Patch is 43.79 KiB, truncated to 20.00 KiB below, full version: https://github.com/llvm/llvm-project/pull/77473.diff

6 Files Affected:

(modified) llvm/lib/Target/RISCV/RISCVISelLowering.cpp (+9-6)
(modified) llvm/lib/Target/RISCV/RISCVISelLowering.h (+2)
(modified) llvm/lib/Target/RISCV/RISCVInstrInfoVSDPatterns.td (+19-14)
(modified) llvm/lib/Target/RISCV/RISCVInstrInfoVVLPatterns.td (+22-16)
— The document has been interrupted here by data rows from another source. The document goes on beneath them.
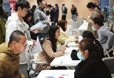 2月25日,求职者与招聘企业代表在浙江省杭州市的招聘会上洽谈。近日,全国各地举行形式多样的招聘活动,助力就业。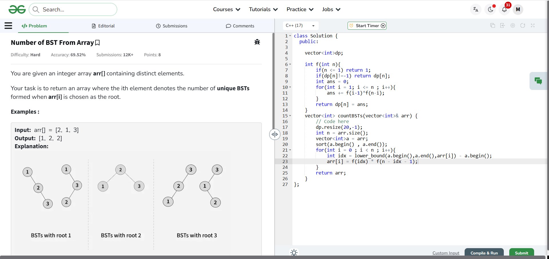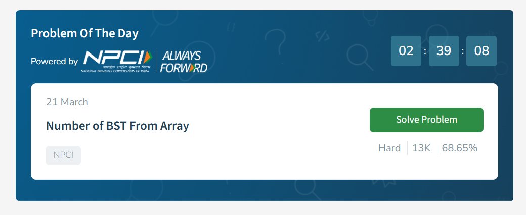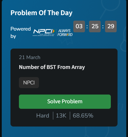 Manan Jain @jain_manan1 · Mar 21 Day 32/60 ✅ GFG Challenge! 📷Continuing my 60-day coding challenge today with the problem Number of BST From Array #geekstreak60 #npci@geeksforgeeks@NPCI_NPCIA 1 7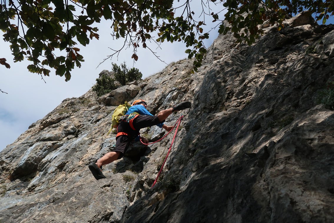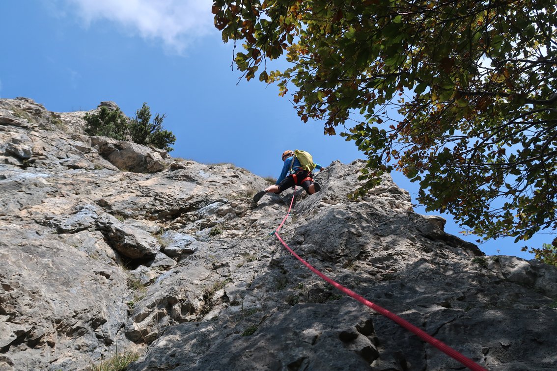 Die schweren Seillängen sind gut gesichert, der leichte und brüchige Grat hat keine Zwischensicherungen.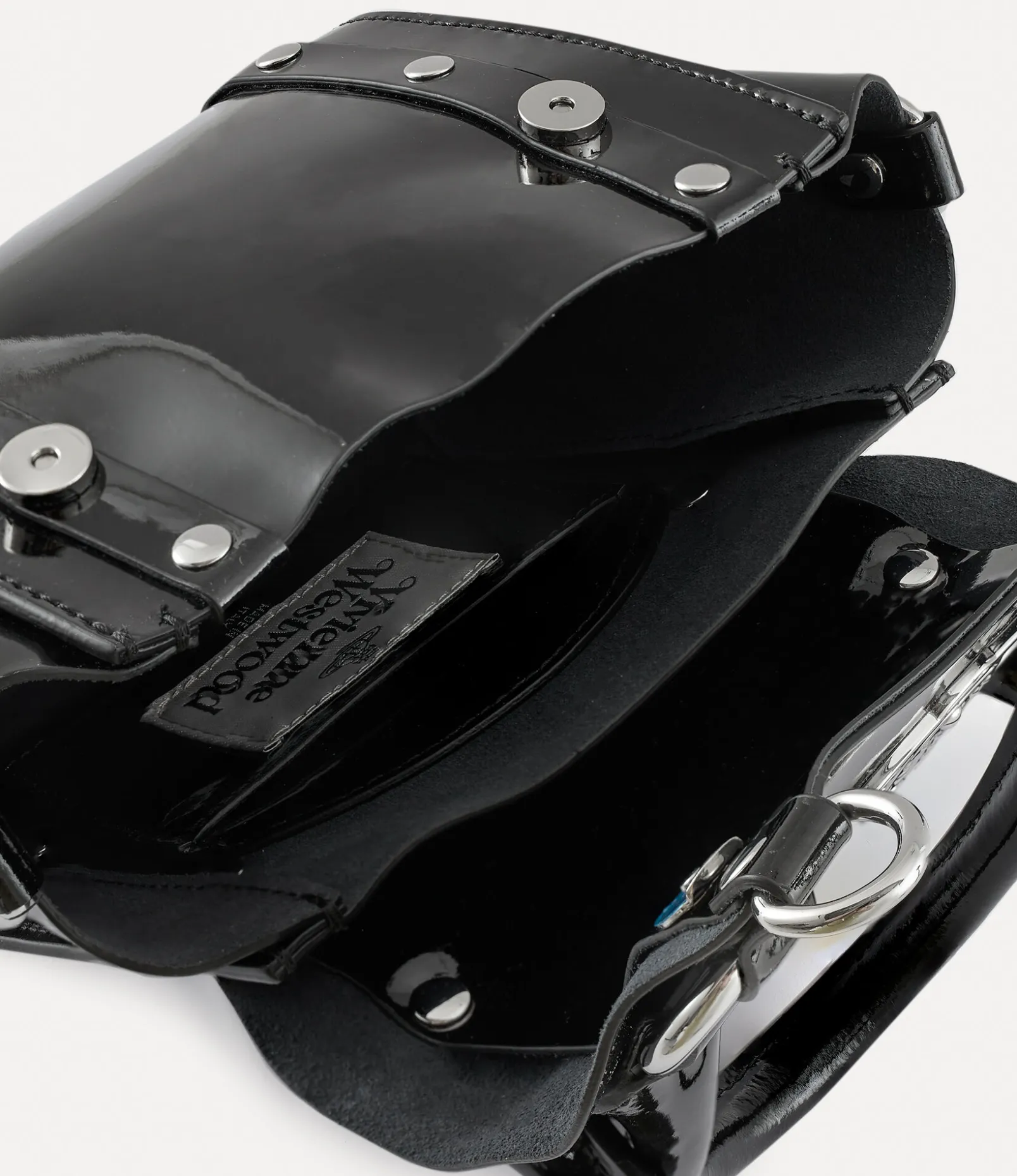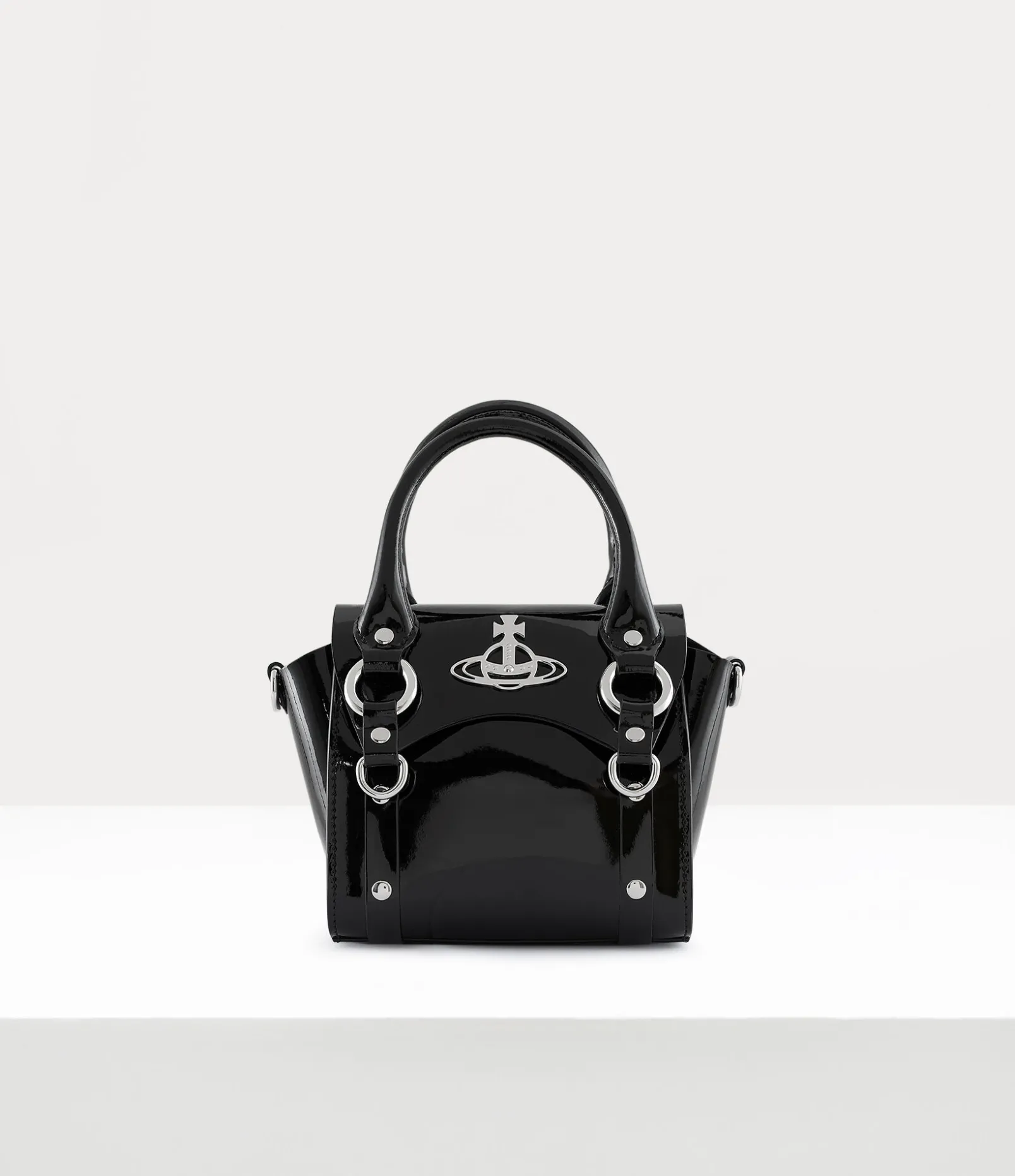 Our Betty Mini handbag features bondage-inspired elements, reminiscent of our ‘Erotic Zones’ collection from Spring-Summer 1995. The patent finish of this signature style is reminiscent of the pink latex signage and liquid latex sold in our iconic SEX boutique, now known as Worlds’ End.

(modified) llvm/test/CodeGen/RISCV/rvv/fixed-vectors-vaaddu.ll (+280-25)
(modified) llvm/test/CodeGen/RISCV/rvv/vaaddu-sdnode.ll (+272-23)
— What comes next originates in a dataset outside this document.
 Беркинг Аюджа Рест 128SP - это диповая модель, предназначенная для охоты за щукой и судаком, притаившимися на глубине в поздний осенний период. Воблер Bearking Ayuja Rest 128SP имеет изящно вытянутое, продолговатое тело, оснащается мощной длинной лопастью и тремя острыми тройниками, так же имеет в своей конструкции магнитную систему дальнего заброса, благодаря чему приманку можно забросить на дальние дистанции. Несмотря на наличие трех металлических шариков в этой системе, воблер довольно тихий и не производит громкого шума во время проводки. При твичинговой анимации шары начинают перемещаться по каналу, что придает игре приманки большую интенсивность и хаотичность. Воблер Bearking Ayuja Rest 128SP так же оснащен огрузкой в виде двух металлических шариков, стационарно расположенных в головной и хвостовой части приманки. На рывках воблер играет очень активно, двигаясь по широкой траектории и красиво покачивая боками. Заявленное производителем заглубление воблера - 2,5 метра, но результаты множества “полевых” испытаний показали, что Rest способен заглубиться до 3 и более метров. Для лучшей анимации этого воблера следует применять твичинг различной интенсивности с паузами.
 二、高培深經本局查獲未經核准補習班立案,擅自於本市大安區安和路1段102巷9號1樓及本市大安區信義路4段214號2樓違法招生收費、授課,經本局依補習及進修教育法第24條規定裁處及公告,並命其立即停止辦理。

diff --git a/llvm/lib/Target/RISCV/RISCVISelLowering.cpp b/llvm/lib/Target/RISCV/RISCVISelLowering.cpp
index a5b33e8e293a17..1a5886f6d00f2a 100644
--- a/llvm/lib/Target/RISCV/RISCVISelLowering.cpp
+++ b/llvm/lib/Target/RISCV/RISCVISelLowering.cpp
@@ -814,8 +814,8 @@ RISCVTargetLowering::RISCVTargetLowering(const TargetMachine &TM,
       setOperationAction({ISD::FP_TO_SINT_SAT, ISD::FP_TO_UINT_SAT}, VT,
                          Custom);
       setOperationAction({ISD::LRINT, ISD::LLRINT}, VT, Custom);
-      setOperationAction({ISD::AVGFLOORU, ISD::SADDSAT, ISD::UADDSAT,
-                          ISD::SSUBSAT, ISD::USUBSAT},
+      setOperationAction({ISD::AVGFLOORU, ISD::AVGCEILU, ISD::SADDSAT,
+                          ISD::UADDSAT, ISD::SSUBSAT, ISD::USUBSAT},
                          VT, Legal);
 
       // Integer VTs are lowered as a series of "RISCVISD::TRUNCATE_VECTOR_VL"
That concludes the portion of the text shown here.